More on Survey Weighting

  • The most basic weighting method (raking) performs nearly as well as more elaborate techniques based on matching.
  • When it comes to accuracy, choosing the right variables for weighting is more important than choosing the right statistical method.

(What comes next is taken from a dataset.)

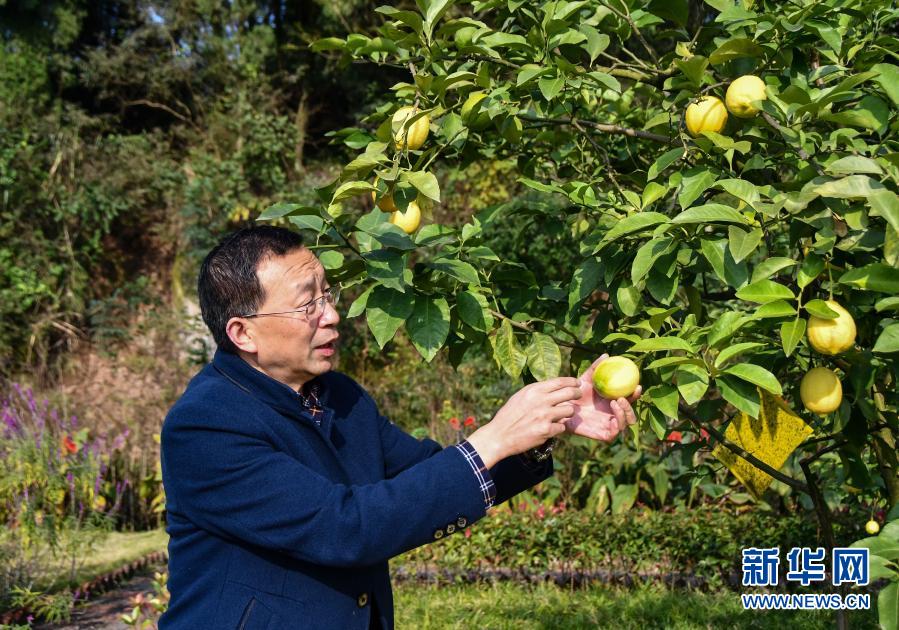 在四川省資陽市安岳縣寶森檸檬小鎮(zhèn)世界檸檬品種博覽園,安岳縣檸檬產業(yè)發(fā)展中心主任田再澤在查看檸檬的長勢情況(11月11日攝)。新華社記者 周相吉 攝

Common Variables and Benchmark Sources for Survey Weighting

Variable Example Benchmark Source(s)
Age American Community Survey (ACS); Current Population Survey (CPS)
Gender / Sex ACS; CPS
Race / Ethnicity ACS; CPS
Education ACS; CPS March Supplement
Income ACS; CPS; Small Area Income & Poverty Estimates (SAIPE)
Region / State ACS; Census; USPS Crosswalks
Urbanicity ACS; National Center for Health Statistics (NCHS)
Party Identification Pew Research Center’s National Public Opinion Reference Survey (NPORS)
Ideology (Liberal–Conservative) Pew NPORS; American National Election Studies (ANES)
Voter Registration / Turnout CPS Voting & Registration Supplement; Catalist / L2 voter files
Religious Affiliation Pew NPORS; General Social Survey (GSS)
Internet / Device Ownership / Social Media Use Pew NPORS; NTIA Internet Use Survey; ACS (broadband access)

Exercise: Data Detective!

  1. Review the survey instrument: skim the questionnaire to identify items that might reveal careless responding (e.g., instructed-response items, psychometric synonyms)
  2. Explore the dataset: calculate one or more indicators of careless responding
    • Instructed response items
    • Bogus items
    • Self-report checks
    • Response times
    • Invariability indices
    • Consistency indices
    • More advanced (MD)
  3. Flag potential cases of careless responding based on your chosen indicators
  4. Report out: share your findings with the group
    • What indicators did you use?
    • How many cases did you flag as potentially careless?
    • How might removing these cases impact the survey results?